In the instant matter, Bower was employed by the Commonwealth as a state trooper. In this capacity, Bower was assigned to conduct the investigation into Ms. Pickering's death. A review of the instant matter clearly indicates that Bower was acting within the scope of his duties when investigating the death of Ms. Pickering as well as when testifying at the coroner's inquest. Moreover, the Pickerings have failed to allege any facts that indicate that Bower was acting outside the scope of his duties. Thus, we conclude that Bower was entitled to statutory immunity from the imposition of liability.
For the preceding reasons, we affirm the orders of the trial court.
AND NOW, May 17, 1994, the orders of the Court of Common Pleas of Northumberland County in the above-captioned matters are affirmed.
[1] Ms. Pickering was the daughter of Allen Sr. and the sister of Allen Jr.
[2] For purpose of convenience, these separate actions shall hereinafter be termed, Pickerings and Sparano v. Sacavage and Pickerings v. Bower.
[3] With respect to Sacavage, the Pickerings have only sought appeal from the defamation count. Thus, all other issues have been waived.
[4] Bower also contends that he should be immune from suit on common law grounds. Because we conclude that Bower is immune to the imposition of liability pursuant to statutory grounds, we need not address Bower's common law immunity defenses.
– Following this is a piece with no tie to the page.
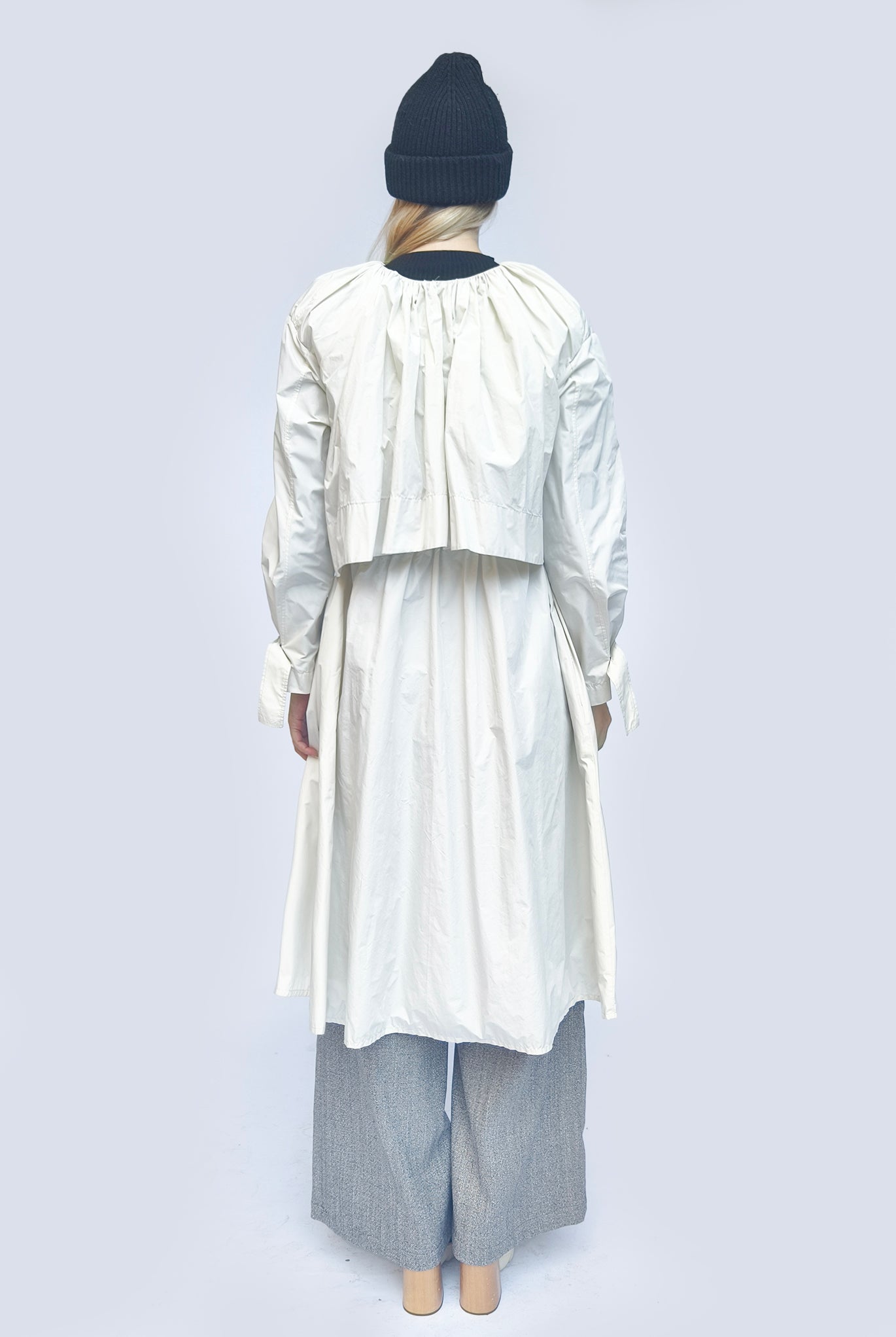 Must have di collezione, lo spolverino in tessuto tecnico fluido color bianco. Mantella con arricciature che partono dal collo a raggera. Maniche con mostrina applicata. Coulisse in vita e cerniera davanti.

[5] There are nine exceptions to sovereign immunity: (1) operation of any motor vehicle in the possession or control of a Commonwealth party; (2) acts of health care employees of Commonwealth agency medical facilities or institutions; (3) care, custody or control of personal property in the possession or control of Commonwealth parties; (4) dangerous condition of Commonwealth agency real estate and sidewalks; (5) dangerous condition of highways under the jurisdiction of a Commonwealth agency created by potholes or sinkholes or other similar conditions created by natural elements; (6) care, custody or control of animals in the possession or control of a Commonwealth party; (7) sale of liquor at Pennsylvania liquor stores; (8) acts of a member of the Pennsylvania military forces; and (9) administration, manufacture and use of a toxoid or vaccine.
42 Pa.C.S. § 8522(b).
The Pickerings have not alleged any claim against Bower that falls within any of these exceptions.